Community mental health is a decentralized pattern of mental health, mental health care, or other services for people with mental illnesses. Community-based care is designed to supplement and decrease the need for more costly inpatient mental health care delivered in hospitals. Community mental health care may be more accessible and responsive to local needs because it is based in a variety of community settings rather than aggregating and isolating patients and patient care in central hospitals. Community mental health assessment, which has grown into a science called psychiatric epidemiology, is a field of research measuring rates of mental disorder upon which mental health care systems can be developed and evaluated.

Community mental health centers

In the United States, a modern increase in community mental health care delivery began in the 1960s when President John F. Kennedy signed the 1963 Community Mental Health Centers (CMHC) Act (Public Law #88-164). Growing community mental health capacities were intended to complement and mirror trends toward fewer hospital stays and shorter visits for mental illness (see Deinstitutionalization). This restructuring of mental health service delivery has occurred in the context of evolving fiscal responsibilities, however. The goals and practices of community mental health have been complicated and revised by economic and political changes.

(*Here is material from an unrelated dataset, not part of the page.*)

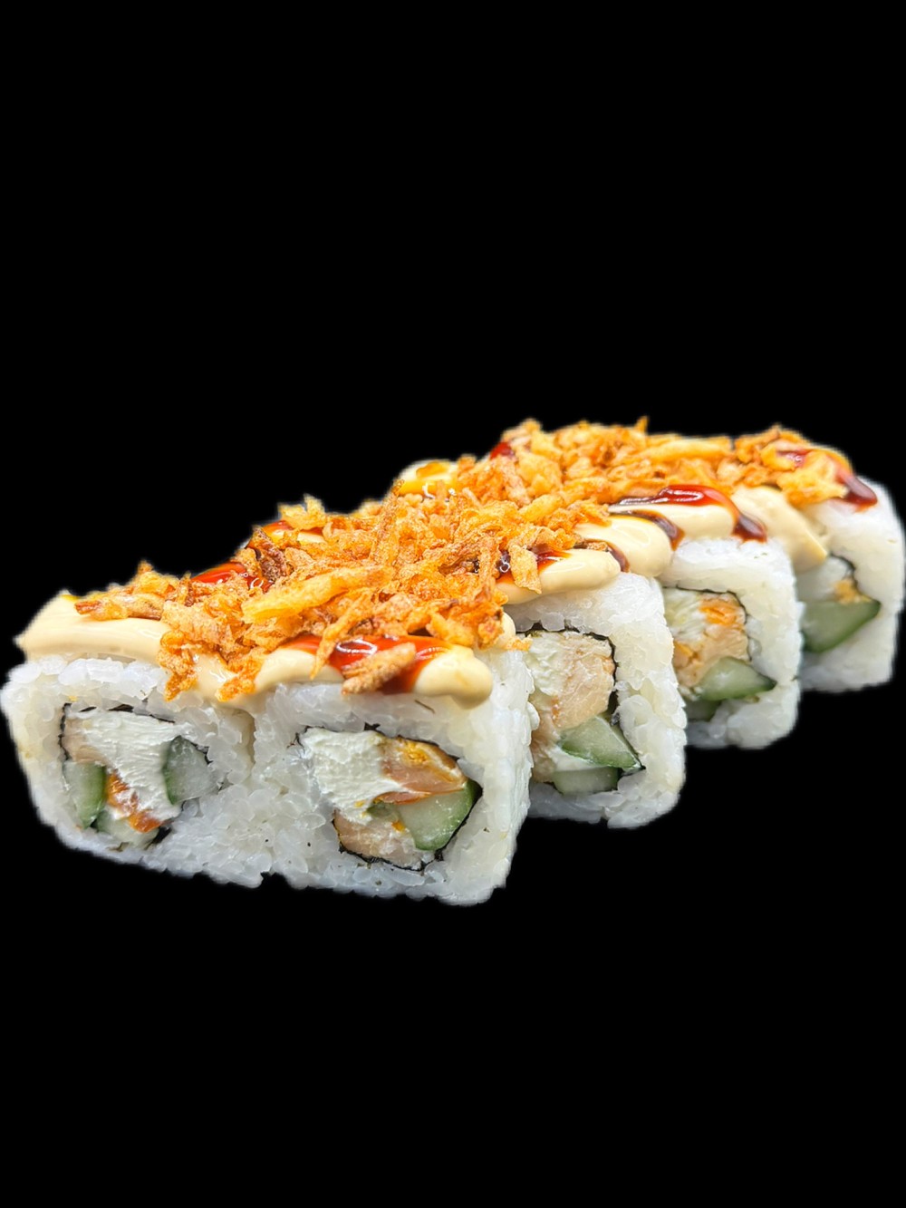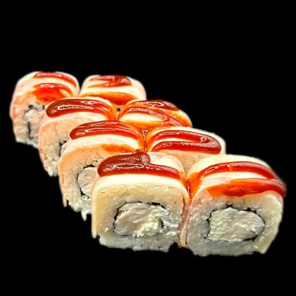 Сливочный сыр, курица копченая, огурец, соус цезарь, соус унаги, лук фри.

The National Institute of Mental Health (NIMH) initially developed a CMHC program in the 1960s. CMHCs were designed to provide comprehensive services for people with mental illness, locate these services closer to home, and provide an umbrella of integrated services for a catchment area of 125,000-250,000 people. CMHCs were designed to provide prevention, early treatment, and continuity of care in communities, promoting social integration of people with mental health needs.

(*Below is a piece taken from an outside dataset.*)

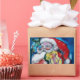 Colourful, whimsical and artistic acrylic painting ,Santa is playing violin in the snowy winter night ,an owl ,floral ornaments,winter plants, holly berries in bright red,green,white,blue,yellow colours.

Competing public interests

At the outset, CMHCs were providing outpatient care to people with less severe, episodic, or acute mental health problems. In the 1980s, more people with serious mental illness began using CMHCs, due in part to deinstitutionalization, and following the redirection and capping of federal funds for local mental health care. With growing awareness of the homeless mentally ill, state-funded CMHCs faced new challenges, and their work became fragmented according to catchment areas of responsibility, leaving some urban centers overburdened, while others maintained locally funded operations, limiting responsibility for their area only.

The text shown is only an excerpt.